The Grammarphobia Blog

Is next Monday tomorrow or a week later?

Q: I hope you can help me settle a dispute with my spouse! If today is Sunday, when is next Monday? Is it tomorrow, or is it Monday of next week? And what about last May? Is it the preceding month or May of the previous year?

A: There’s no good answer here. “Next” and “last” are often ambiguous words. You and your spouse aren’t the only ones at odds over these words. In fact, the two of us have very similar arguments!

For example, Stewart will say, “It happened last May,” even if he means the preceding month. But if Pat is speaking in June, she’ll say, “It happened in May.” To her, “last May” sounds like May of last year.

And Stewart will say “next Monday” when that’s only a day from now.  Pat, on the other hand, will use “next Monday” to mean Monday of the following week, and “this Monday” to mean tomorrow.

Because there’s room for disagreement, it’s better to avoid using “next” and “last” when you’re talking about dates that are not far away.

“Last May” or “next Monday” are safe enough when they’re at a distance.
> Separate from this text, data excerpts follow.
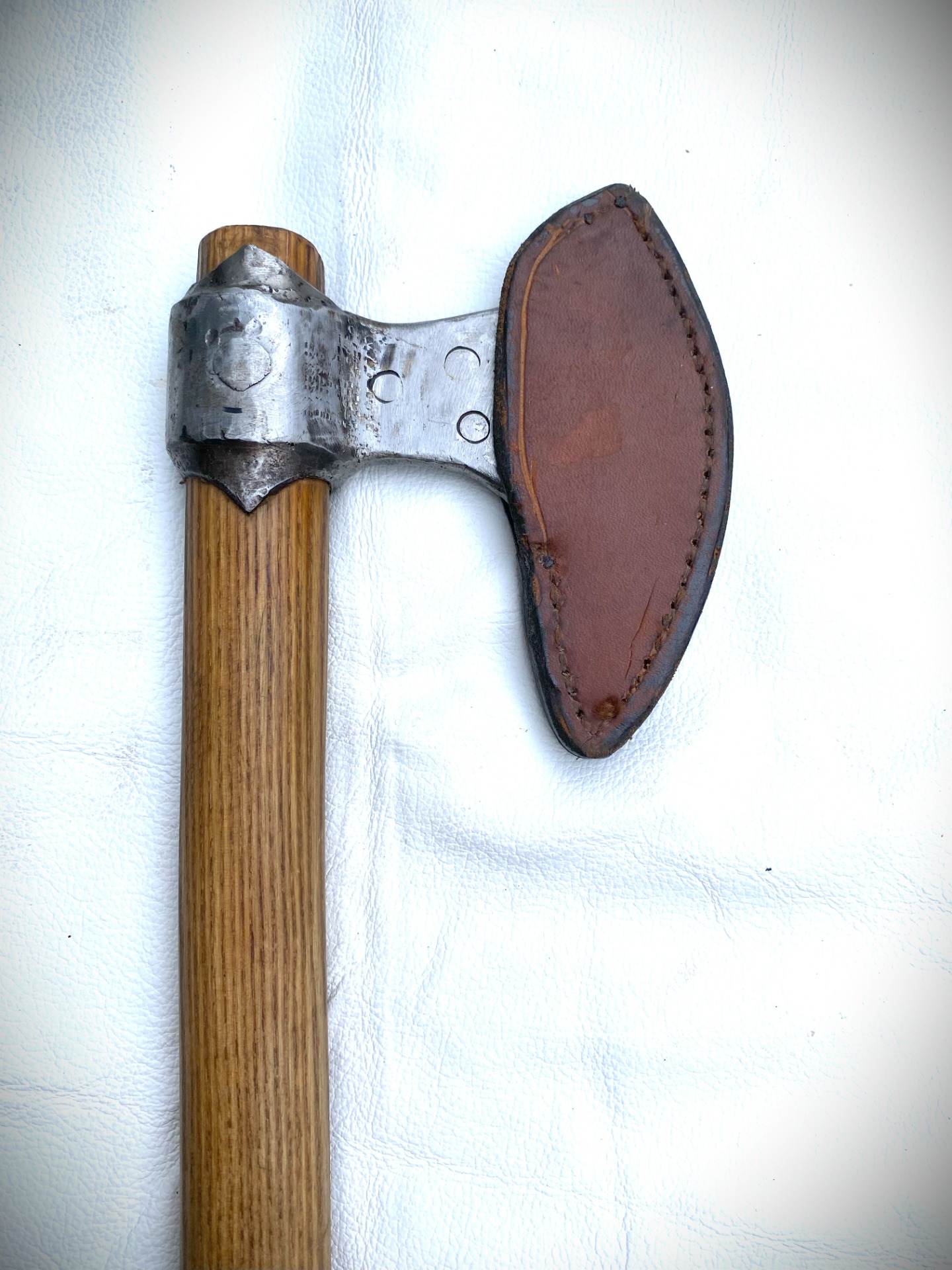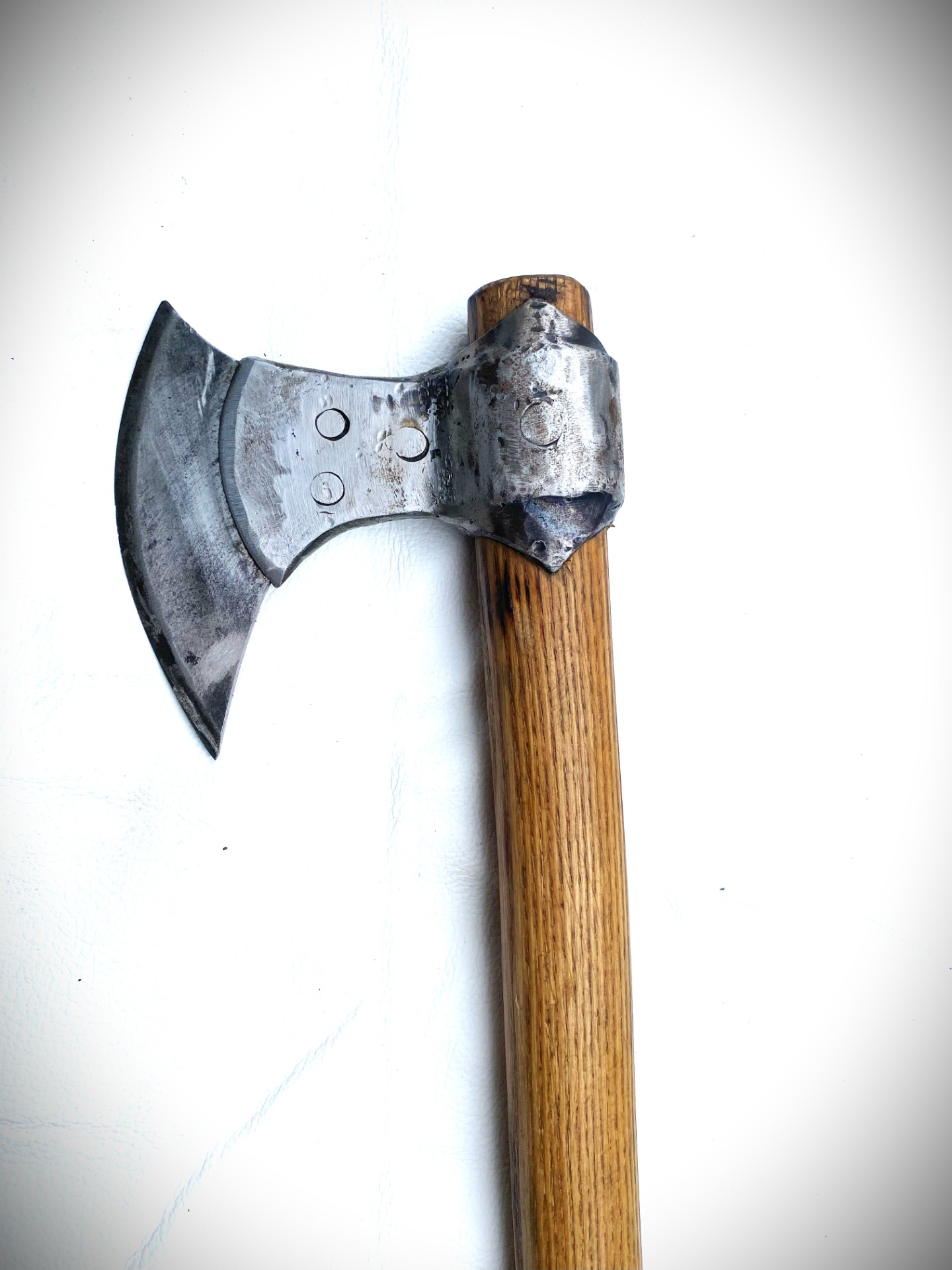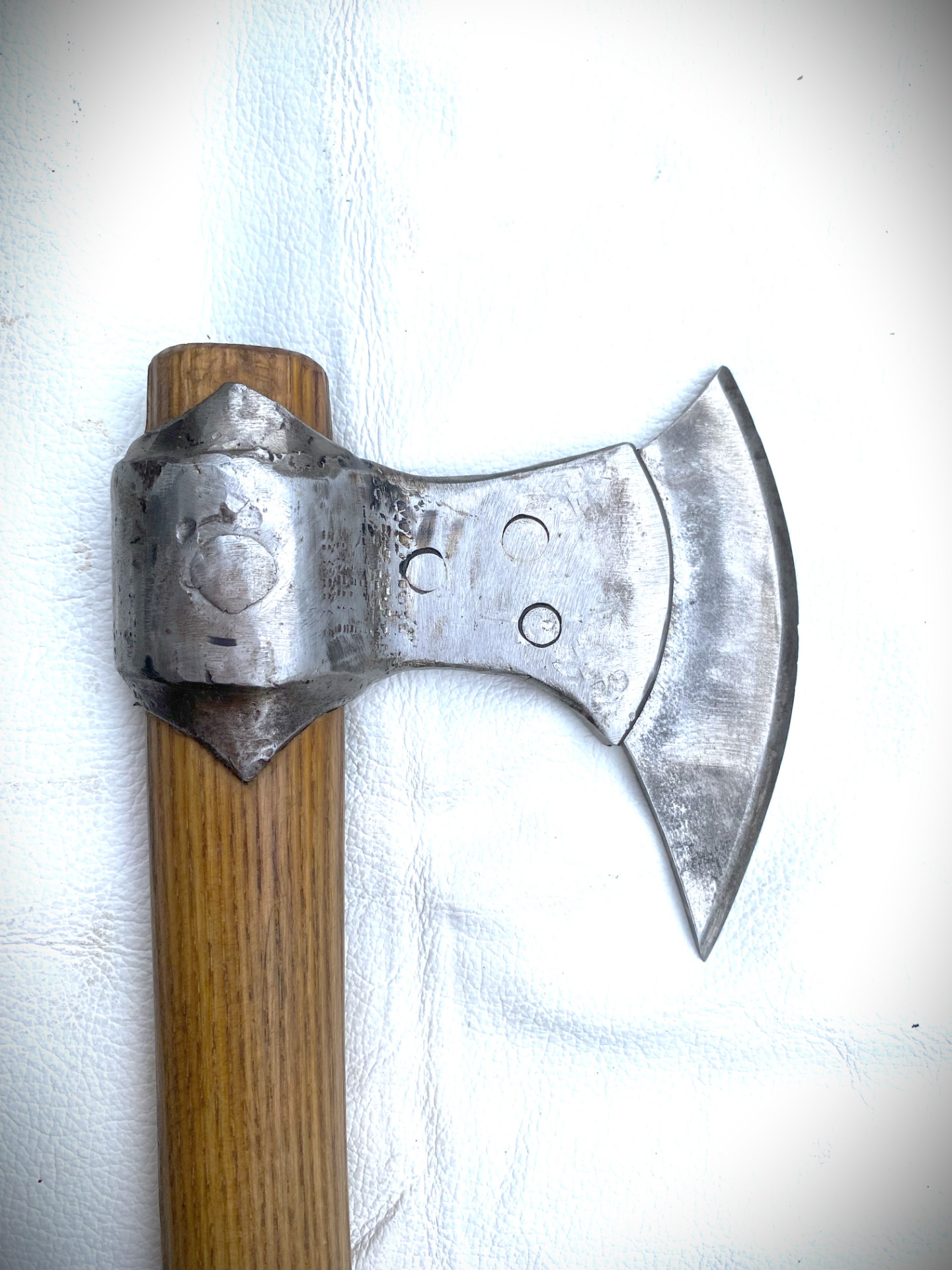 Historická sekera Dánska krátka, ručne kovaná, ostrá. Materiál oceľ, rúčka jaseň. Púzdro koža.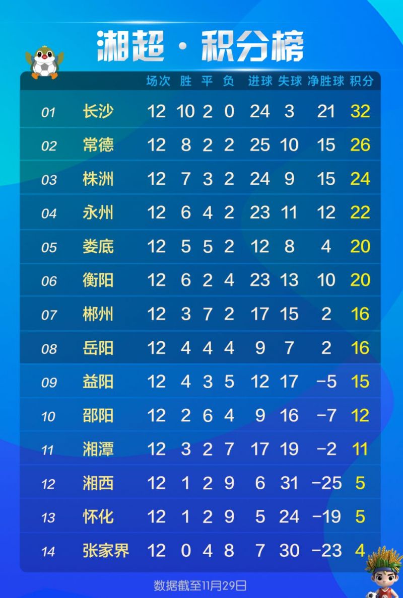湘超第12輪積分榜、射手榜(截至11月29日)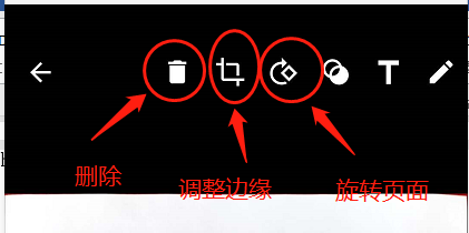 (2) 如果扫描结果有误,点击左下方的图片进入编辑页面,可以把页面删除、调整边缘或者旋转页面(如图2、图3)

But the closer the date, the greater the chance of a misunderstanding.

Just as “next door” is often broadly construed as meaning “nearby,” so “next Thursday,” when there’s a Thursday very close, is sometimes construed as meaning “the Thursday after this one.”

The word “next” is defined in the Oxford English Dictionary as meaning “designating the time, season, etc., following directly after one described, spoken of, etc.”

But what if there’s been no hint of “one described, spoken of, etc.”? Say, for example, that Stewart says, “Let’s go out for dinner next Monday.” Does he mean tomorrow, or Monday of next week?

After 22 years of marriage, Pat knows that he means “this Monday” (he wouldn’t think about dinner a week ahead).

Your question reminds us of one we answered last year, about whether moving an event “forward” means it will happen earlier or later.